My DD dances ballet and I'm trying to learn as much as I can about something she loves so much. As a non-dancer, I found the book The Ballet Companion quite handy. My favorite thing about the book is there are many beautiful pictures that demonstrate the various ballet positions and orientations. These pictures has helped me to learn some of the ballet terminologies and what each of the positions look like. The book also has a lot of useful information on training, schools, styles and some ballet history. Here is how the book is broken down:


Part One: To be a dancer (selecting a school, class expectations, when pointework begins, summer intensives, competitions


Part Two: Ballet Basics: The different types of major schools of ballet (French, Cecchetti, RAD, Vaganova, Balanchine, etc.), Fundamentals of Technique, Positions and Orientations (as I mentioned the photos are great)

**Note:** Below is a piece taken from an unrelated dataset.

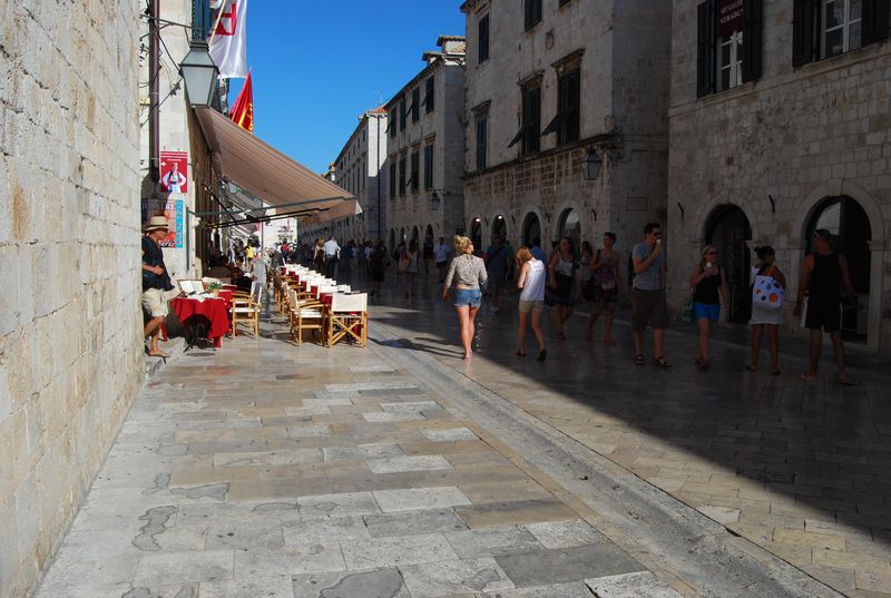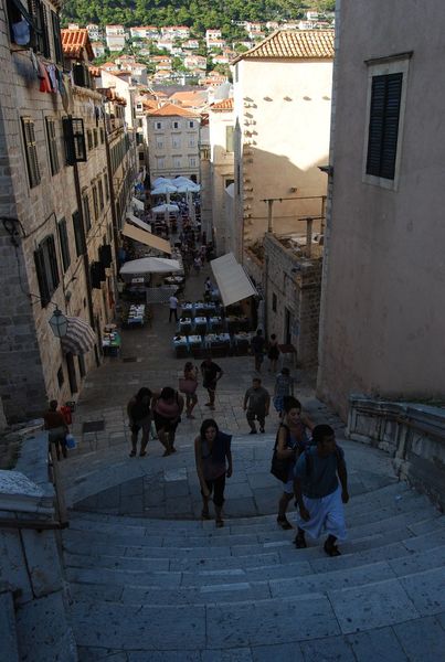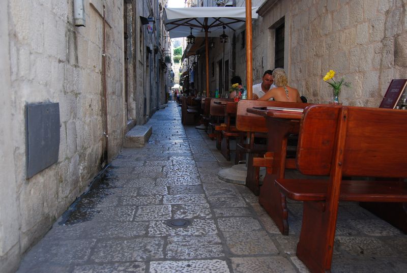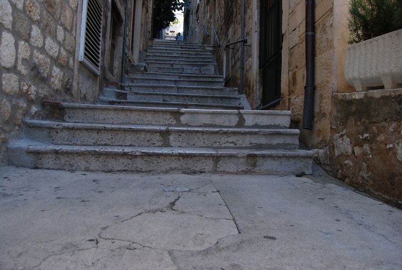 Auf dem Weg zur Innenstadt fand sich dann ein Parkhaus, das zwar 15 HRK die Stunde kostete, aber Alternativen gab es wohl auch nicht. Im angrenzenden Park nahmen wir dann endlich unser „Frühstück“ ein, anschließend liefen wir die Treppe in die Altstadt herunter. Diese bot viele enge Gassen und erinnerte an Venedig – nur das Wasser fehlte.

Part Three: Ballet Class: Warming-up, At the Bare, Center Floor, Musicality, All About Pointe


Part Four: The Healthy Dancer, Anatomy, Injury Prevention, Cross Training


Part Five: Ballet Literacy, Must-See Ballet, Historical Time Line, Glossaries, Further Reading, Resources (As a ballet newbie, I loved this section and the suggested resources to look at. I also think BT4D is also an amazing resource!)


This is a great reference to have around. Before DD really got into ballet, I really enjoyed it as an art form and saw a few ballet productions but never really knew anything about the "ballet world." Lately, I've been trying to learn more and it's been so interesting to learn about some of the ins-and-outs of ballet life.


Before, I never understood what is meant by "good technique." I'm still a novice, but I can honestly say that learning more (from books, dvds, talking to people) has helped me to appreciate the fine aspects of the art form much more now. I find ballet productions even more lovely as I'm understanding more about the "architecture" of ballet movement. As a mom, I've enjoyed having DD's ballet life open my eyes to a world I never knew much about. What a privilege to always keep growing and learning about something new...no matter what it is.